But back in Simnel’s era, it wasn’t even just this curiosity that we could choose to indulge or not, it was a really crucial part of who you were in the world. That’s how other people would know how to identify you. You had your place in society that wasn’t quite a caste system but was close and the idea of a well-functioning society was to know your place and behave yourself within it, not to step out of your lane.

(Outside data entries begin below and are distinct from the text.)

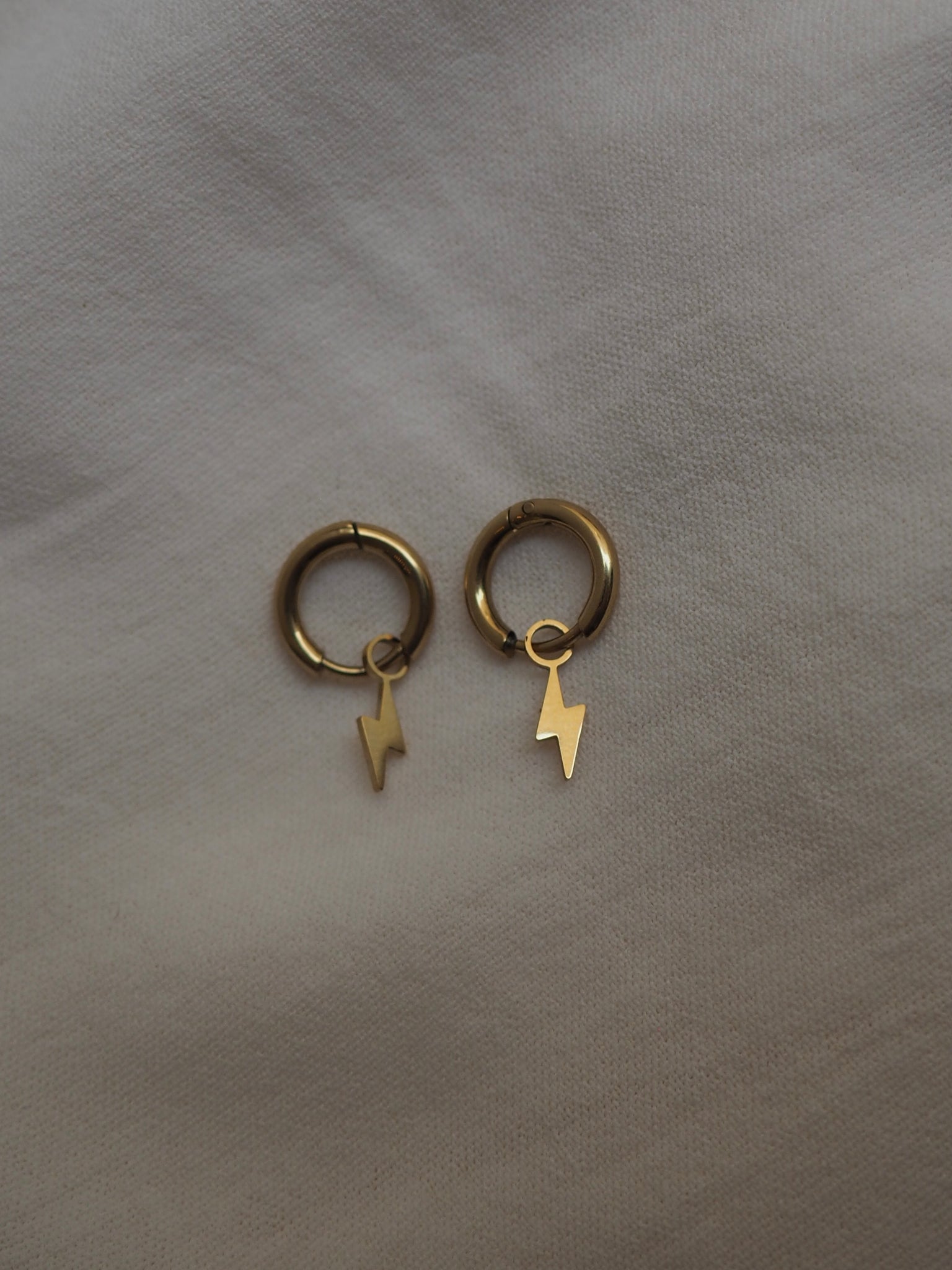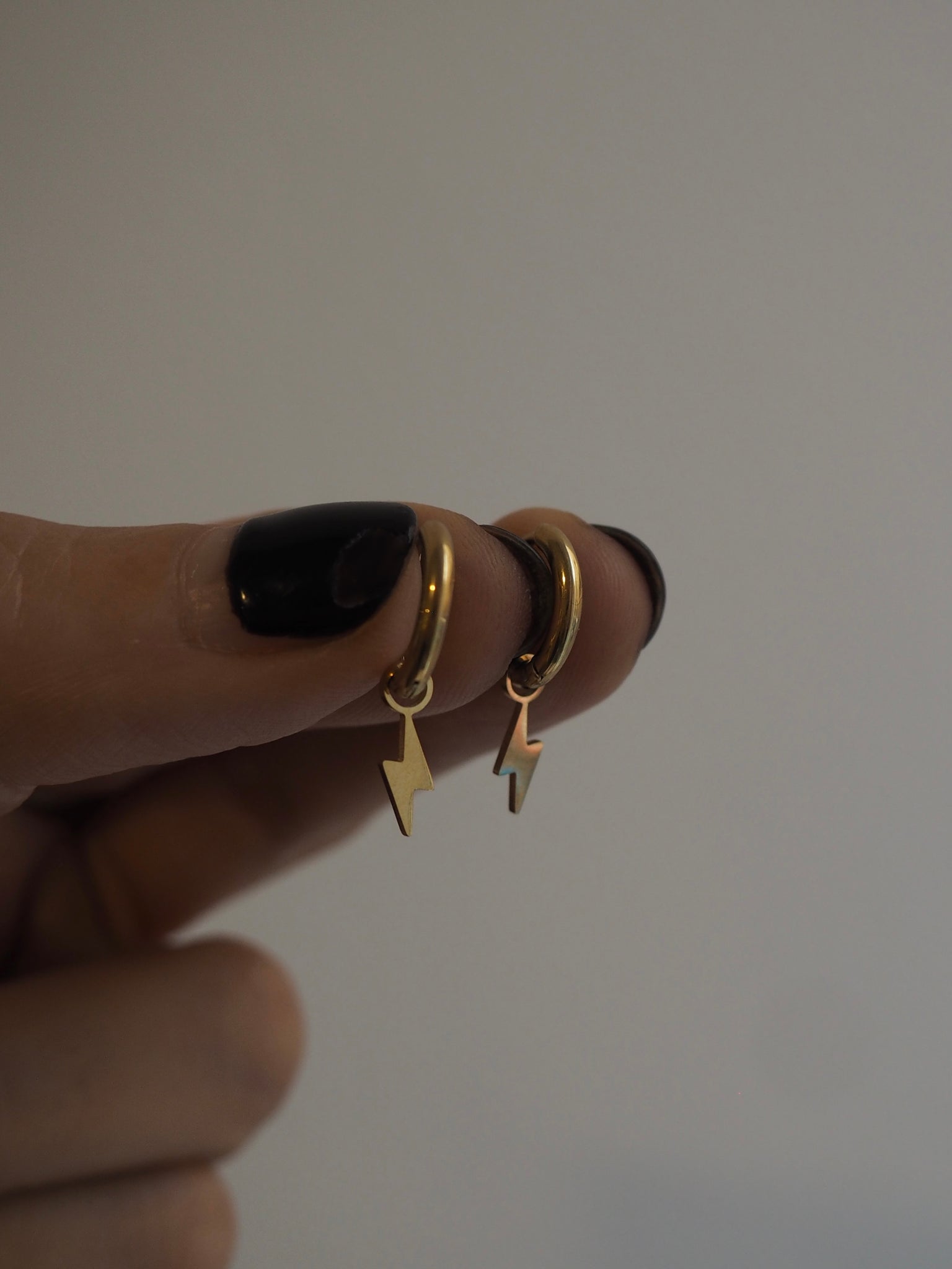 Pendiente aro con charm de rayo, puede sacarse y llevar sólo el aro.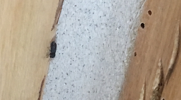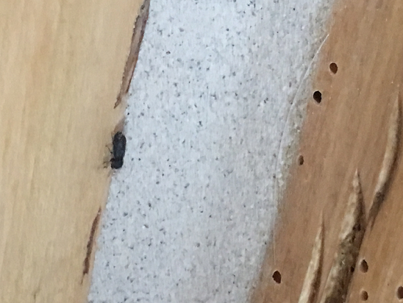 6425. Many tiny holes in log inside cabin – Piles of wood dust near holes. Gordon Drive, Naples, FL. United States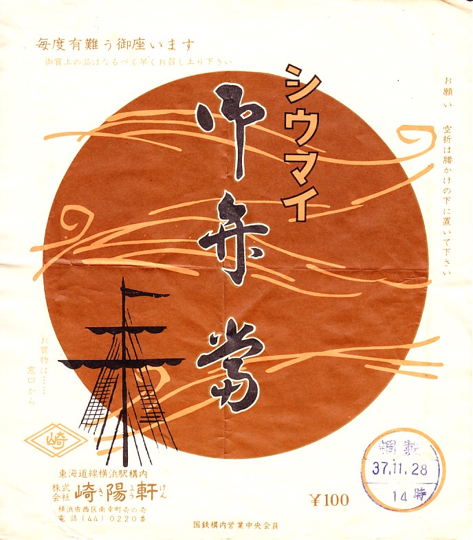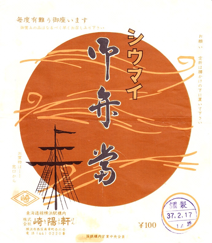1962(昭和37)年2月17日(土)14時の調製と思われる、昔の横浜駅弁の掛紙。下記の11月のものと同じく、これもまた崎陽軒の正史にない絵柄の、シウマイ弁当の掛紙。

So for him to not know what lane he was meant to be in was incredibly destabilizing. In the earlier stages of the novel, once Joan—it’s Joan who first says to him, “Do you think they’re telling the truth about who you are?”—once she’s introduced that note of doubt, he’s really upset and concerned about this for quite a large chunk of the book after that.

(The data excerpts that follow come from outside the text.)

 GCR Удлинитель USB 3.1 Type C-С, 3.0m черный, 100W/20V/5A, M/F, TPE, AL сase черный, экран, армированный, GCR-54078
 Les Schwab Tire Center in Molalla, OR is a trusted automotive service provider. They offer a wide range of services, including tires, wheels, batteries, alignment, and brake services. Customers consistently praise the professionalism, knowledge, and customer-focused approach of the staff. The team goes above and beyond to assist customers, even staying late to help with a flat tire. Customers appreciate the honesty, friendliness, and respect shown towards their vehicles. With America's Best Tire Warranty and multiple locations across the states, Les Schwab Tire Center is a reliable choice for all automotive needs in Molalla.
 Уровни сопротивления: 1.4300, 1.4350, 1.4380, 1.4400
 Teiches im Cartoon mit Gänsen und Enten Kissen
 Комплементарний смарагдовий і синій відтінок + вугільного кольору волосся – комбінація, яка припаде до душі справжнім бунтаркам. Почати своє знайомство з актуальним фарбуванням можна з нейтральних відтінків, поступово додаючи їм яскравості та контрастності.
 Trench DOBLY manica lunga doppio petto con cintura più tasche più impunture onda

BOGAEV: As a kid, did you ever fantasize about your parents not being your parents?
HARKIN: Oh, absolutely. So, my childhood was sort of unstable one in a lot of ways and I loved fiction that was people being swept away, like Harry Potter kind of style where someone comes along and tells you, “Yes, you’re not who you think you are. Off you go to a palace.” Like, that’s obviously incredibly enticing, so, it was really fun to revisit that and play with it from a historical point of view.
BOGAEV: You do take him to a number of palaces. I think the first one, Simnel grows up on this farm. He thinks he is a farm boy and then he gets taken away by a noble mysteriously. It turns out his father’s not his father, and he goes off with this noble and a tutor and the tutor’s, kind of, a real, a low life and tries to sell him out. He ends up in Flanders, Belgium, at the castle of his alleged Aunt Margaret. I don’t know if there’s a basis, any kind of basis, in history for this but you take him there too in your novel.
HARKIN: Yes. So, he definitely was at this court for at least a period of time where I imagine he was being groomed for power in some way or other—
BOGAEV: —and schooled in etiquette because he just has no idea what’s going on and how to even curtsy or bow. He runs into some really weird food rules, for instance, you must eat boiled meat before roasted meat, you must eat a certain amount of cheese to seal up your stomach.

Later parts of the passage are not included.